PROBLEM DETAILS: In the records below, find the line with "Schoenus pseudoloreus is", then copy each line exactly until you have copied the line with "1. o1193/銘:堺孝行/牛刀(両刃)/峰厚 アゴ上:1.6/重量:/作り:モリブデン鋼/他:写真内の箱付き". Leave any picture out.

SUPPLIED MATERIAL:

* * * * *

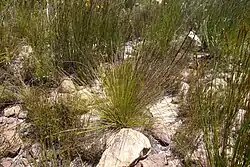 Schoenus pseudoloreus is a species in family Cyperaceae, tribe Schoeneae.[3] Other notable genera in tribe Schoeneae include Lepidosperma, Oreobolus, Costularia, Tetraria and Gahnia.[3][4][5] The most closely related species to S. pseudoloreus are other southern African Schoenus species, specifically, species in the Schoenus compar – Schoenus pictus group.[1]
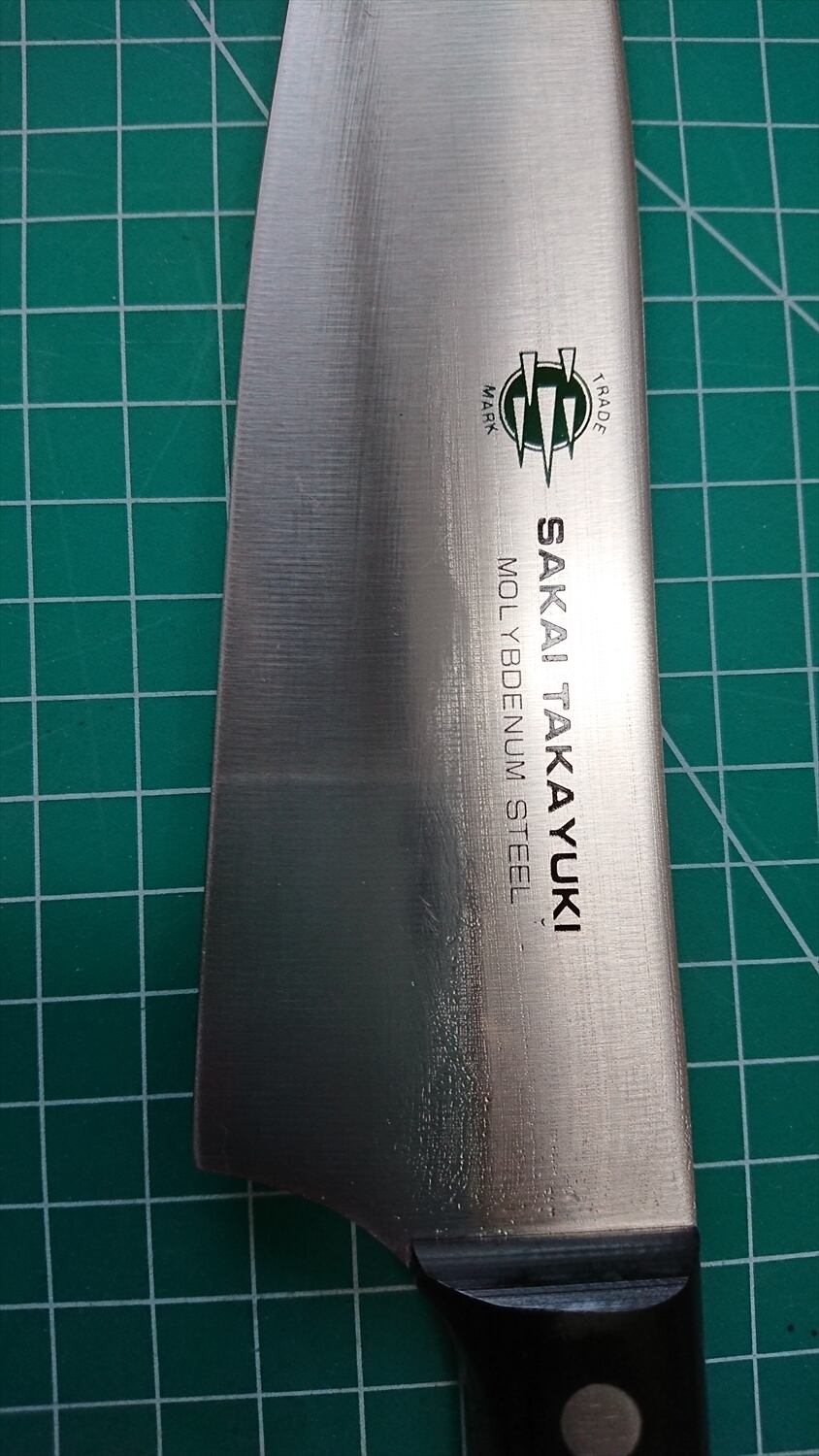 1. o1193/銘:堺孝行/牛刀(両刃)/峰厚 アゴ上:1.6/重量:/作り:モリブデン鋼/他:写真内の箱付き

* * * * *

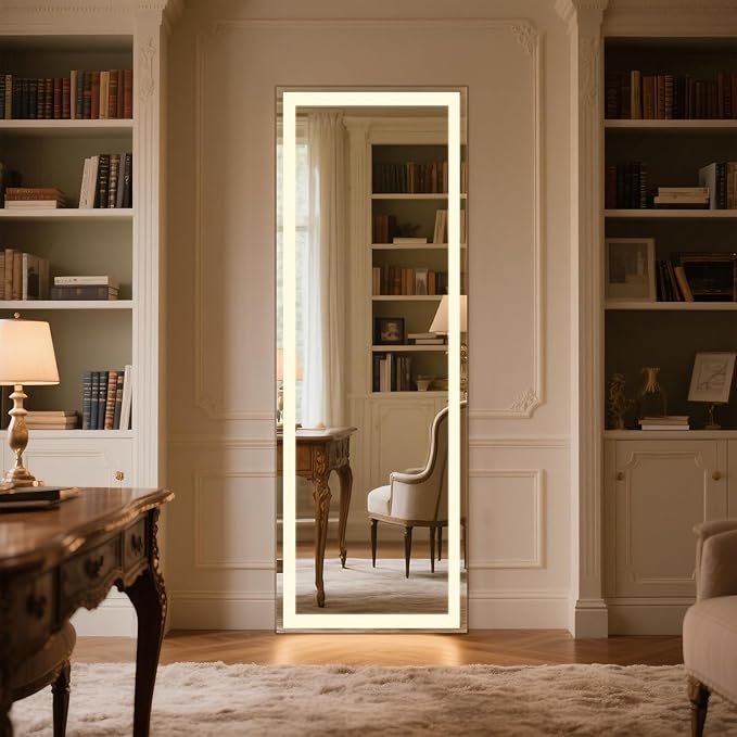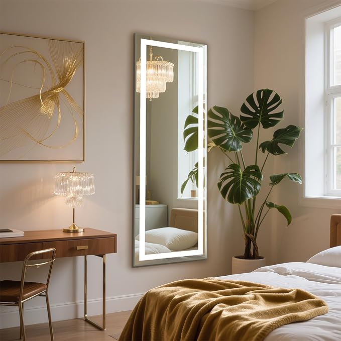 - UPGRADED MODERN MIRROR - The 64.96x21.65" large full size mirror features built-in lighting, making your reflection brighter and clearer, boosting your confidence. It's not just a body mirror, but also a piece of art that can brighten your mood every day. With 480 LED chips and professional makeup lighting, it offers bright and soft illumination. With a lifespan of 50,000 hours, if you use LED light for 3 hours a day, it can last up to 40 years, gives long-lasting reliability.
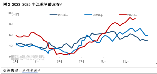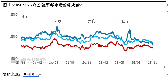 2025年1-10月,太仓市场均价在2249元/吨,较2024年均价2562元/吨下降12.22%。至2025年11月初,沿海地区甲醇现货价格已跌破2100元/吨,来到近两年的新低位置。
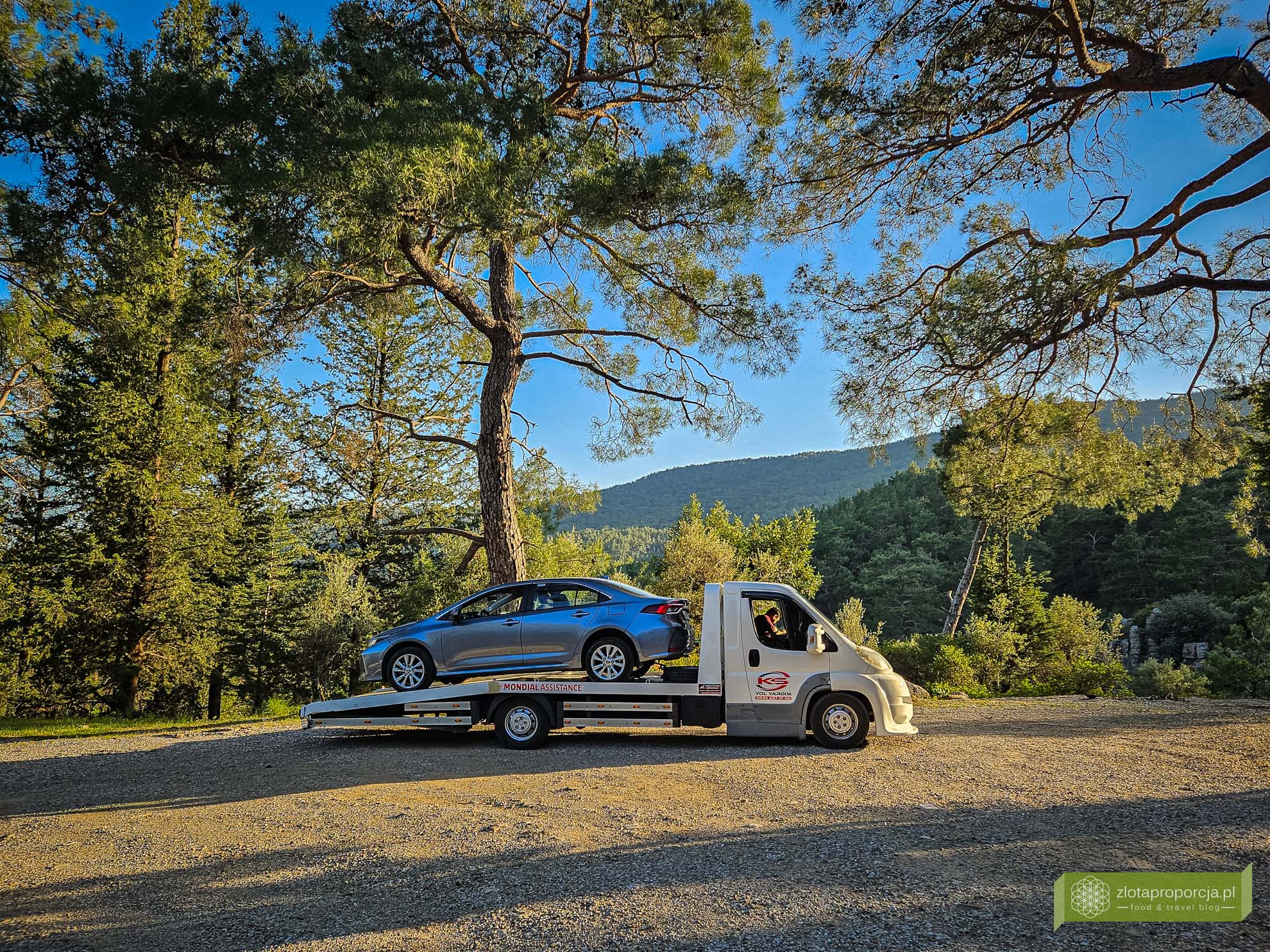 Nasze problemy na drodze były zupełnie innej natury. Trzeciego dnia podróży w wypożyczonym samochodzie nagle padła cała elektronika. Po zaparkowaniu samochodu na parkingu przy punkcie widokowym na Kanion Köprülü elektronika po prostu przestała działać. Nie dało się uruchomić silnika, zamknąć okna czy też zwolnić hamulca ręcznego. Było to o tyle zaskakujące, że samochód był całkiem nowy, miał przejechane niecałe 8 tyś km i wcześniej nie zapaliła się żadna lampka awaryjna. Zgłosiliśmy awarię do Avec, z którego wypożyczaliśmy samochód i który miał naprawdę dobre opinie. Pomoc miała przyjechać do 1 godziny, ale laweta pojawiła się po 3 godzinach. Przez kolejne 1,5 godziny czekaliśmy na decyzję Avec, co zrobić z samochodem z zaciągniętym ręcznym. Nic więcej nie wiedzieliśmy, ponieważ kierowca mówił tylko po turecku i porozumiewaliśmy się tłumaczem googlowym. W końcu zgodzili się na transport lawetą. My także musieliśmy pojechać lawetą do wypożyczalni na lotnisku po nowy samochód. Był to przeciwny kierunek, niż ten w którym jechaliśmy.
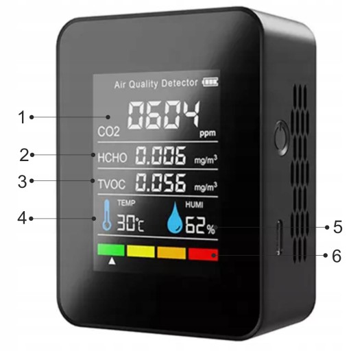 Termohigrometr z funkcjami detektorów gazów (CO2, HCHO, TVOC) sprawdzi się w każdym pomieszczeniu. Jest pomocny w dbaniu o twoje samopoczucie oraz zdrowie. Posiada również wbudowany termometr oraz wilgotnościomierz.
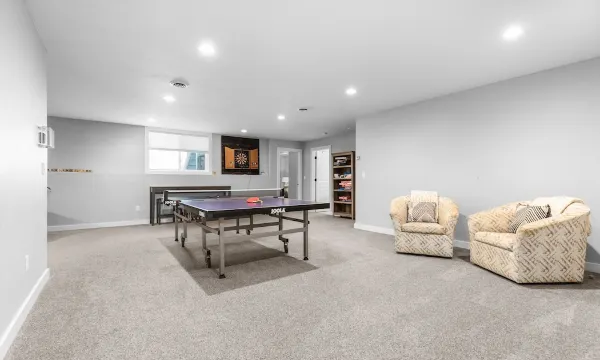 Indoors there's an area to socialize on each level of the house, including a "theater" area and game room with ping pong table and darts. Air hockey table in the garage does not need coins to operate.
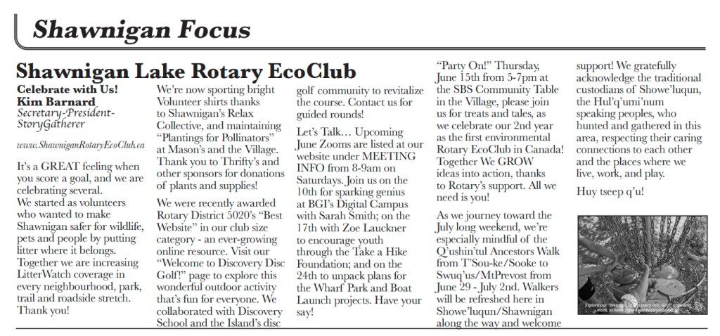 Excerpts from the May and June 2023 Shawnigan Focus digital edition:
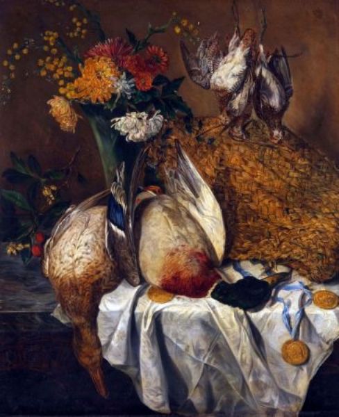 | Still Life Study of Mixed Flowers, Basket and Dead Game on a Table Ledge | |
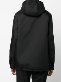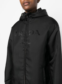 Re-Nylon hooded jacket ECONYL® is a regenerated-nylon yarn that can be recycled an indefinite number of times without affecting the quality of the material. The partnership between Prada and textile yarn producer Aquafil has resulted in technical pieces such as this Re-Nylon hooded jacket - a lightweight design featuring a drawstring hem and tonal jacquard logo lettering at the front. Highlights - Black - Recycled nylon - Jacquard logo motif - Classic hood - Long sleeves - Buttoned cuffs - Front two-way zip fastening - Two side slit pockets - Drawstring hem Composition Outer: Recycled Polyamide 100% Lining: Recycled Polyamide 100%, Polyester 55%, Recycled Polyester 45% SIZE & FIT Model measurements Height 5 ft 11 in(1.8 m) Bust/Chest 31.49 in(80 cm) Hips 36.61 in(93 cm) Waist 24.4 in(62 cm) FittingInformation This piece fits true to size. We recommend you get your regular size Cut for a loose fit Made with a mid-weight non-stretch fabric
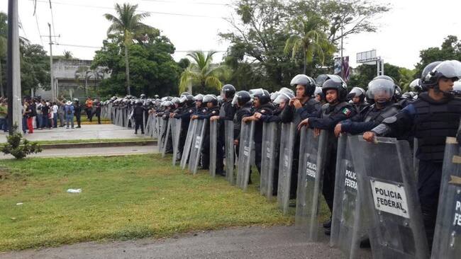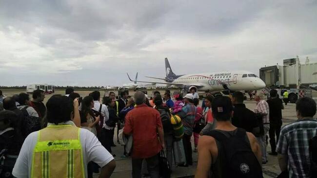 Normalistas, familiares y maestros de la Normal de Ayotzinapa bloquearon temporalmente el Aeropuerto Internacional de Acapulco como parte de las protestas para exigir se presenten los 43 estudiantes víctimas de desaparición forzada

* * * * *

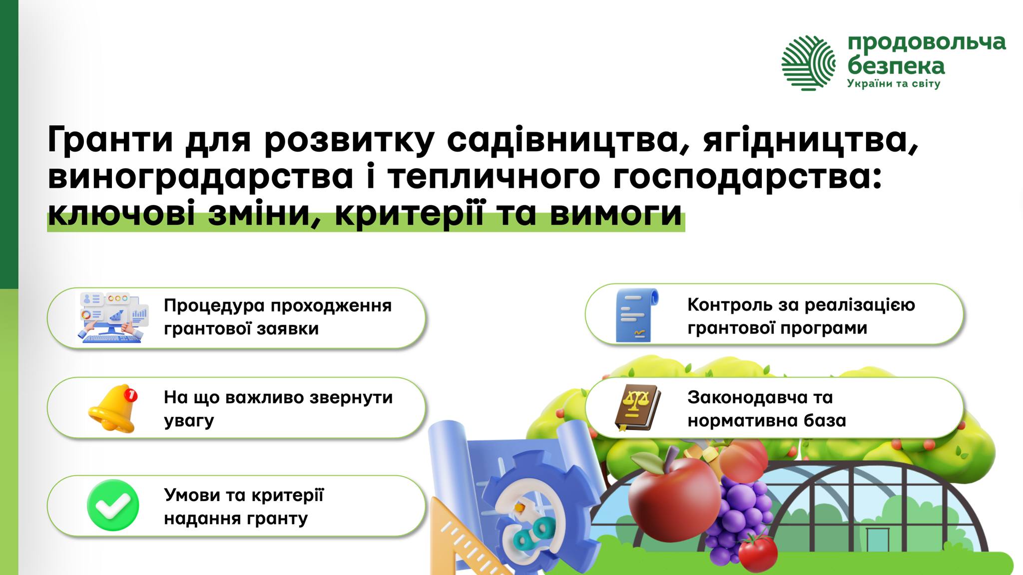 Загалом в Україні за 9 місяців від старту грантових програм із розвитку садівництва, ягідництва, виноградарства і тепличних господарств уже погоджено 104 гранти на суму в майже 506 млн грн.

* * * * *

TASK SOLUTION:
 Schoenus pseudoloreus is a species in family Cyperaceae, tribe Schoeneae.[3] Other notable genera in tribe Schoeneae include Lepidosperma, Oreobolus, Costularia, Tetraria and Gahnia.[3][4][5] The most closely related species to S. pseudoloreus are other southern African Schoenus species, specifically, species in the Schoenus compar – Schoenus pictus group.[1]
 1. o1193/銘:堺孝行/牛刀(両刃)/峰厚 アゴ上:1.6/重量:/作り:モリブデン鋼/他:写真内の箱付き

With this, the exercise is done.